Wall Of Death Cycle Protest In London

Protest By A Cycling Safety Pressure Group Has Urged London Councils To Do More To Segregate Riders From Motorised Traffic

04.04.2014

Road safety for cyclists may be a more prominent issue in the upcoming European and local election campaigns, following the unveiling of a memorial to riders killed on London's roads.

Safety campaigners from protest group Stop Killing Cyclists (SKC) dismounted from their bikes and unveiled a lengthy banner - dubbed a "wall of death" - outside Westminster City Hall with 56 red crosses, one for each of the riders killed on the capital's roads since the last local elections in 2010, The Evening Standard reports.

The most recent victims included bus depot manager Kevin Lane, who was killed in Woodford Green in February, plus retired teacher Michael Mason, who died after an accident in Regent Street last month. SKC was launched after six cyclists died last November.

Westminster is among the 30 councils out of 33 in the capital that failed to install segregated cycle lanes since 2010, the pressure group said. The only local authorities that have taken such action are Ealing, Waltham Forest and Camden.

Furthermore, freedom of information requests have revealed only four - Barking and Dagenham, Barnet, Hounslow and Waltham Forest - will be introducing Dutch-style segregated lanes next year. By contrast, 13 boroughs admitted they had no segregated lanes at all.

Author of the group's report Will Nickell remarked: "This research for the first time exposes the lethal failure by the vast majority of London's boroughs to invest in Go-Dutch standard segregated safe-cycle lanes."

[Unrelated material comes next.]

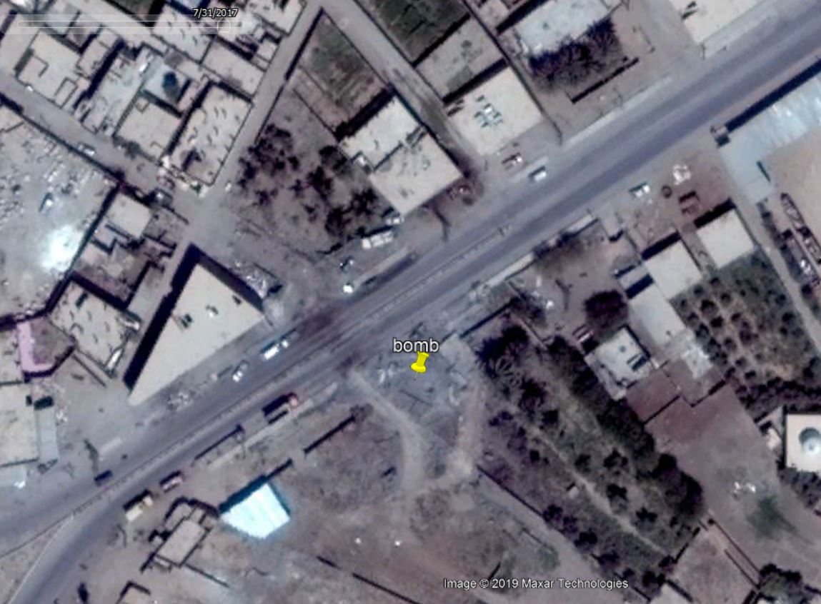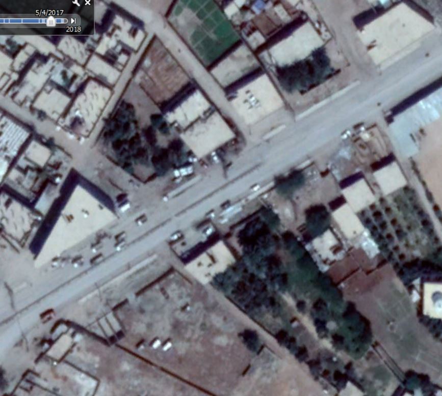 57-(مختصات های 35.394183 40.058134 و 35.394539 40.057461 ).با بررسی تصاویر ماهواره ای Google Earth مشاهده می شود بین تاریخ های 4 می 2017 و 31 جولای 2017 در این محدوده آثار اصابت هایی دیده می شود. تصاویر Planet بین 18 و 20 ژوئن این موضوع را به شکل دقیق تری تایید می کند.

Local authorities in London have spent a collective total of £795,000 on segregated lanes in the past four years, but SKC wants to see this increase. Spokesman Donnachadh McCarthy said the group will be asking all candidates in the upcoming elections to support the spending of ten per cent of the transport budget on establishing segregated lane systems.

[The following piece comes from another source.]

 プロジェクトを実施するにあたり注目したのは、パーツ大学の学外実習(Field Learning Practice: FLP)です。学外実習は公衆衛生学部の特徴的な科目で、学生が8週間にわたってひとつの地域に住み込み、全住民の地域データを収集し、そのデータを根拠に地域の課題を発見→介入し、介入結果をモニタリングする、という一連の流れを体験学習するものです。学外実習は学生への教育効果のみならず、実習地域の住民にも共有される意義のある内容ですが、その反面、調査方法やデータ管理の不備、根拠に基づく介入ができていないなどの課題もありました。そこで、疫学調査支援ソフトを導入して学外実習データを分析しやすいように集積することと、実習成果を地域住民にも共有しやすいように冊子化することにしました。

In addition to the potential dangers to cyclists of traffic in built-up areas, the state of roads can also be a frequent point of concern for riders.

Last month, an inquest ruled that the condition of the A65 road at Giggleswick in North Yorkshire was to blame for an accident in which a rider came off his bike when he hit a pothole and fell in front of an oncoming vehicle.

If you or a loved one has been injured in cycling accident, our specialist cycling accident lawyers could help you claim compensation. Visit our Road Traffic Accident Compensation page for more information.

Expert Opinion
Cycling safety has never been so firmly in the spotlight and SKC’s campaign demonstrates its determination to ensure that the Government and local authorities recognise the need for urgent action to prevent further fatalities.

"Due to our work on behalf of injured victims and the families of cyclists injured and killed in road traffic collisions, we have seen the consequences that such incidents have on cyclist’s loved ones, their friends and the wider community.

"The number of cycling deaths across the UK and especially in London has reached worryingly high levels and everything possible needs to be done to reduce this trend, including the use of more cycle-friendly road layouts and improvements to the conditions of existing routes."